[What needs to be done]
For each entry, restate it word for word while omitting any image it holds.

Stored items from a collection:
'''

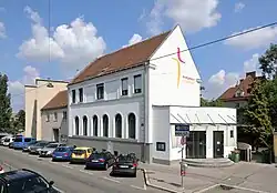 - ↑ Evangelische Pfarre Floridsdorf (Seite nicht mehr abrufbar, festgestellt im April 2018. Suche in Webarchiven) Info: Der Link wurde automatisch als defekt markiert. Bitte prüfe den Link gemäß Anleitung und entferne dann diesen Hinweis. Projektseite zum Kirchenzubau Eingangsbereich 2002 mit Plänen
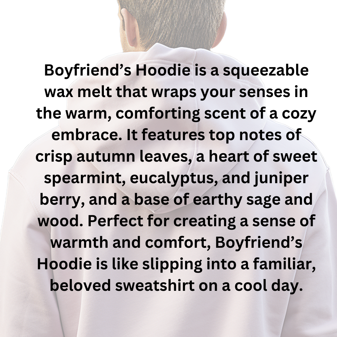 Boyfriend’s Hoodie is a squeezable wax melt that wraps your senses in the warm, comforting scent of a cozy embrace. It features top notes of crisp autumn leaves, a heart of sweet spearmint, eucalyptus, and juniper berry, and a base of earthy sage and wood. Perfect for creating a sense of warmth and comfort, Boyfriend’s Hoodie is like slipping into a familiar, beloved sweatshirt on a cool day.
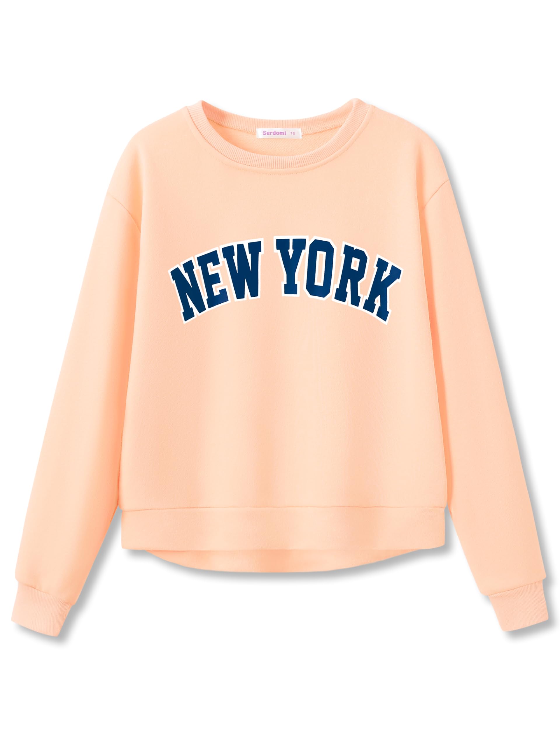 Features: These casual style girls sweatshirts feature trendy simple "NEW YORK" text on light peach color crop top, crew neck and long sleeve top design make it easily matched with any bottoms( jeans, skirts, sport joggers, pants...). This stylish pullover shirts is sure to become a favorite choice
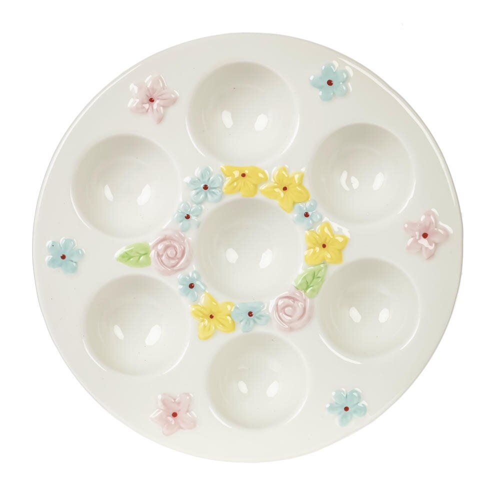 Пасхальная керамическая тарелка для 7 яиц – нежное и практичное украшение праздничного стола. Круглая белая тарелка с гладкой глянцевой поверхностью имеет семь углублений для варёных или крашеных яиц. Центр и края украшены объёмным декором в виде цветочного венка пастельных тонов: розовые розочки, жёлтые и голубые цветы, зелёные листочки. Прочная керамика хорошо держит форму и легко очищается. Идеально подходит для сервировки пасхального завтрака, создания красивой композиции с куличом и сладостями либо в качестве оригинального подарка к Пасхе.
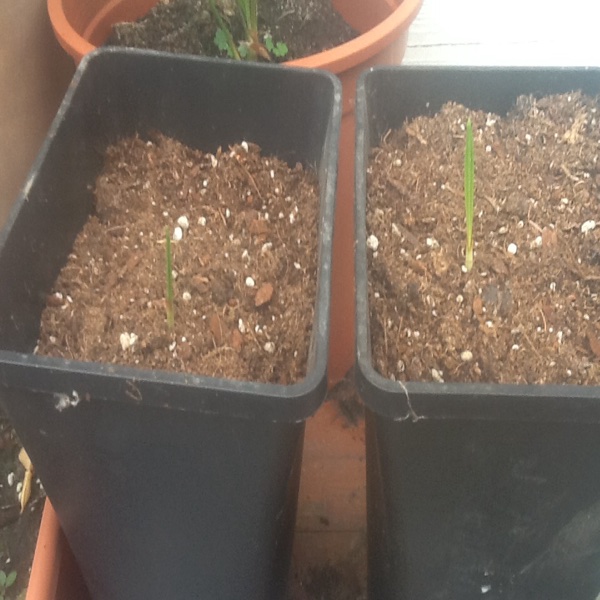 Afgelopen weekend zag ik hiervan de eerste resultaten. Het duurt dus wel even alvorens deze opkomen. Ik heb ze al die tijd buiten in een bak laten staan, dus geen propagator gebruikt. Vanwege de flinke penwortel heb ik ze in diepere potten gezet.

'''

[Response to this exercise]
 - ↑ Evangelische Pfarre Floridsdorf (Seite nicht mehr abrufbar, festgestellt im April 2018. Suche in Webarchiven) Info: Der Link wurde automatisch als defekt markiert. Bitte prüfe den Link gemäß Anleitung und entferne dann diesen Hinweis. Projektseite zum Kirchenzubau Eingangsbereich 2002 mit Plänen
 Boyfriend’s Hoodie is a squeezable wax melt that wraps your senses in the warm, comforting scent of a cozy embrace. It features top notes of crisp autumn leaves, a heart of sweet spearmint, eucalyptus, and juniper berry, and a base of earthy sage and wood. Perfect for creating a sense of warmth and comfort, Boyfriend’s Hoodie is like slipping into a familiar, beloved sweatshirt on a cool day.
 Features: These casual style girls sweatshirts feature trendy simple "NEW YORK" text on light peach color crop top, crew neck and long sleeve top design make it easily matched with any bottoms( jeans, skirts, sport joggers, pants...). This stylish pullover shirts is sure to become a favorite choice
 Пасхальная керамическая тарелка для 7 яиц – нежное и практичное украшение праздничного стола. Круглая белая тарелка с гладкой глянцевой поверхностью имеет семь углублений для варёных или крашеных яиц. Центр и края украшены объёмным декором в виде цветочного венка пастельных тонов: розовые розочки, жёлтые и голубые цветы, зелёные листочки. Прочная керамика хорошо держит форму и легко очищается. Идеально подходит для сервировки пасхального завтрака, создания красивой композиции с куличом и сладостями либо в качестве оригинального подарка к Пасхе.
 Afgelopen weekend zag ik hiervan de eerste resultaten. Het duurt dus wel even alvorens deze opkomen. Ik heb ze al die tijd buiten in een bak laten staan, dus geen propagator gebruikt. Vanwege de flinke penwortel heb ik ze in diepere potten gezet.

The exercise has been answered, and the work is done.